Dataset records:
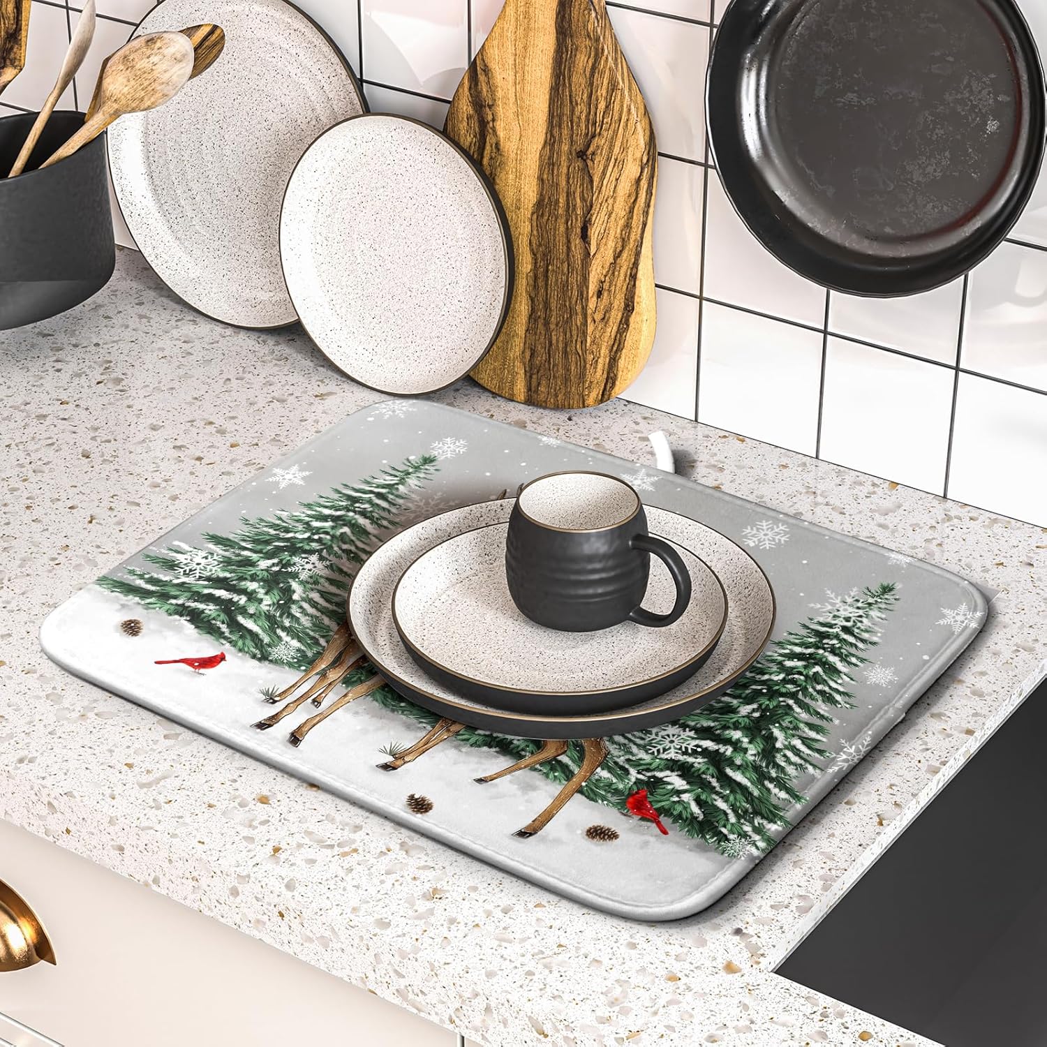 Winter Deer Dish Drying Mat Pine Tree Absorbent Dish Dry Pad Seasonal Microfiber Dish Drainer Mats for Kitchen Counter Coffee Bar 16x18 in
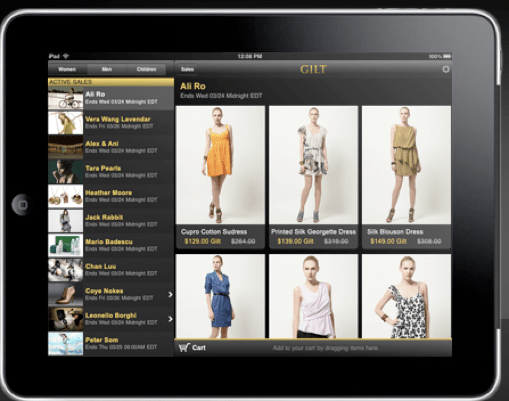 There’s a plethora of iPad games, and you can download almost any movie or tv show from iTunes, but the shopping experience leaves a lot to be desired. When I first turned on the iPad, I went through and downloaded all the popular apps I recognized. In the shopping / ecommerce category, this was Gilt and Fab.
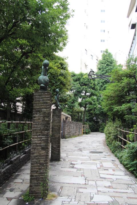 川の暗渠でしょうか蛇行した小路があります。新宿らしくなく木々が茂った散歩道です。 但し、場所柄か浮浪者が道端に寝ていたりしていてちょっと驚きました。 日中はそれなりに雰囲気があってよいのですが、夜間は歩かない方が良さそうです。
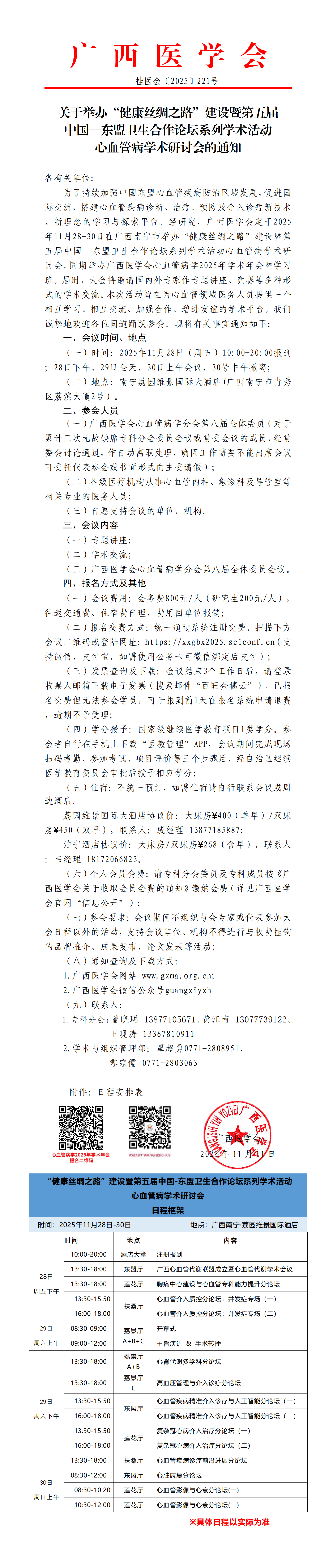 关于举办“健康丝绸之路”建设暨第五届中国—东盟卫生合作论坛系列学术活动心血管病学术研讨会的通知
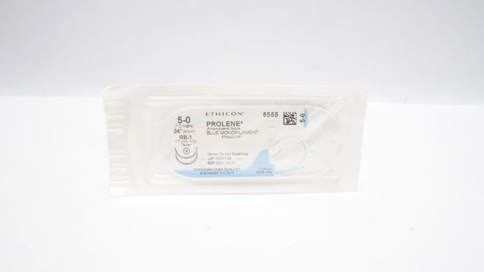 Ethicon 8555 5-0 PROLENE Polypropylene Suture Blue Monofilament RB-1 17mm 1/2c Taper 24 inch
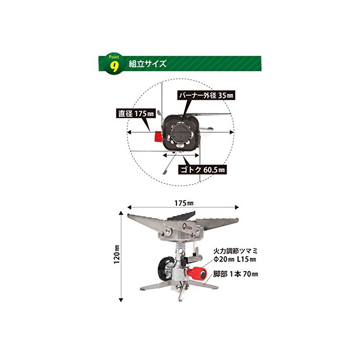 【 사이즈 재질 발열량 】●사용 사이즈:폭155mm×(길이)깊이155mm×높이127mm/수납 사이즈:폭82mm×(길이)깊이68mm×높이109mm/상품 중량:약360g/컬러:실버 ●재질:〔본체〕주물 알루미늄,〔버너 오덕각 방풍〕스테인레스 ●가스 소비량:약194g/h(기온20~25℃의 때10분간 가스 소비량을 1시간에 환산한 것) ●최대형 발동기정 열량:2.7kw(2,300kcal/h)/연속 연소 시간:〔이《와타니카셋토가스쥬니아》사용 시〕약40분(기온20~25℃의 때 화력이 센불에 연속 사용 했을 때의 기준 시간) ●점화 방식:압전점화 방식/용기착 탈방식:압입 반전 방식/수납 상자 크기:폭97mm×(길이)깊이85mm×높이127mm/수납상 중량:약430g/부속품:전용 하드 케이스,●패킹(안쪽 치수7mm×굵음2mm)
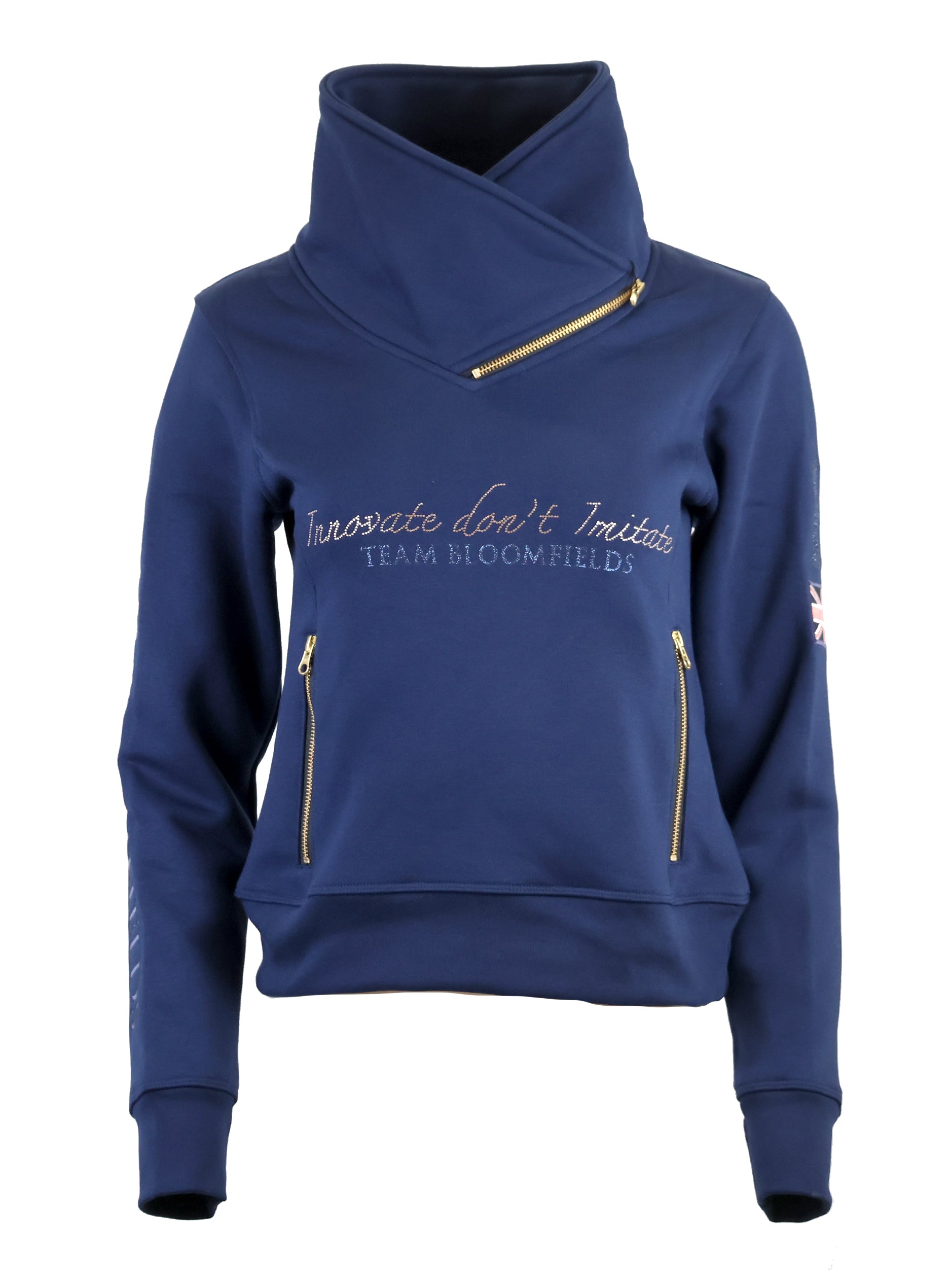 Eleanor in Navy With Rose Gold Rhinestones and Diagonal Quarter Zip Adults Top
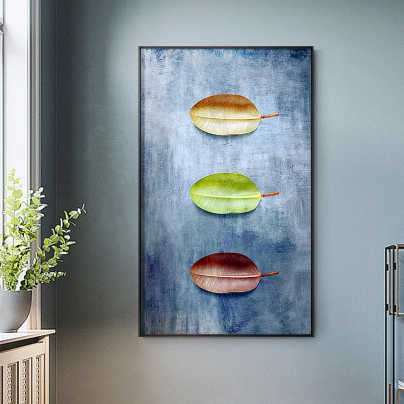 Abstract Three Leaf Posters And Prints Colourful Leaves Canvas Painting Wall Art Pictures For Living Room Home Decoration

PROBLEM TO WORK ON: Give all the records again, exactly, without images.

RESPONSE AREA:
 Winter Deer Dish Drying Mat Pine Tree Absorbent Dish Dry Pad Seasonal Microfiber Dish Drainer Mats for Kitchen Counter Coffee Bar 16x18 in
 There’s a plethora of iPad games, and you can download almost any movie or tv show from iTunes, but the shopping experience leaves a lot to be desired. When I first turned on the iPad, I went through and downloaded all the popular apps I recognized. In the shopping / ecommerce category, this was Gilt and Fab.
 川の暗渠でしょうか蛇行した小路があります。新宿らしくなく木々が茂った散歩道です。 但し、場所柄か浮浪者が道端に寝ていたりしていてちょっと驚きました。 日中はそれなりに雰囲気があってよいのですが、夜間は歩かない方が良さそうです。
 关于举办“健康丝绸之路”建设暨第五届中国—东盟卫生合作论坛系列学术活动心血管病学术研讨会的通知
 Ethicon 8555 5-0 PROLENE Polypropylene Suture Blue Monofilament RB-1 17mm 1/2c Taper 24 inch
 【 사이즈 재질 발열량 】●사용 사이즈:폭155mm×(길이)깊이155mm×높이127mm/수납 사이즈:폭82mm×(길이)깊이68mm×높이109mm/상품 중량:약360g/컬러:실버 ●재질:〔본체〕주물 알루미늄,〔버너 오덕각 방풍〕스테인레스 ●가스 소비량:약194g/h(기온20~25℃의 때10분간 가스 소비량을 1시간에 환산한 것) ●최대형 발동기정 열량:2.7kw(2,300kcal/h)/연속 연소 시간:〔이《와타니카셋토가스쥬니아》사용 시〕약40분(기온20~25℃의 때 화력이 센불에 연속 사용 했을 때의 기준 시간) ●점화 방식:압전점화 방식/용기착 탈방식:압입 반전 방식/수납 상자 크기:폭97mm×(길이)깊이85mm×높이127mm/수납상 중량:약430g/부속품:전용 하드 케이스,●패킹(안쪽 치수7mm×굵음2mm)
 Eleanor in Navy With Rose Gold Rhinestones and Diagonal Quarter Zip Adults Top
 Abstract Three Leaf Posters And Prints Colourful Leaves Canvas Painting Wall Art Pictures For Living Room Home Decoration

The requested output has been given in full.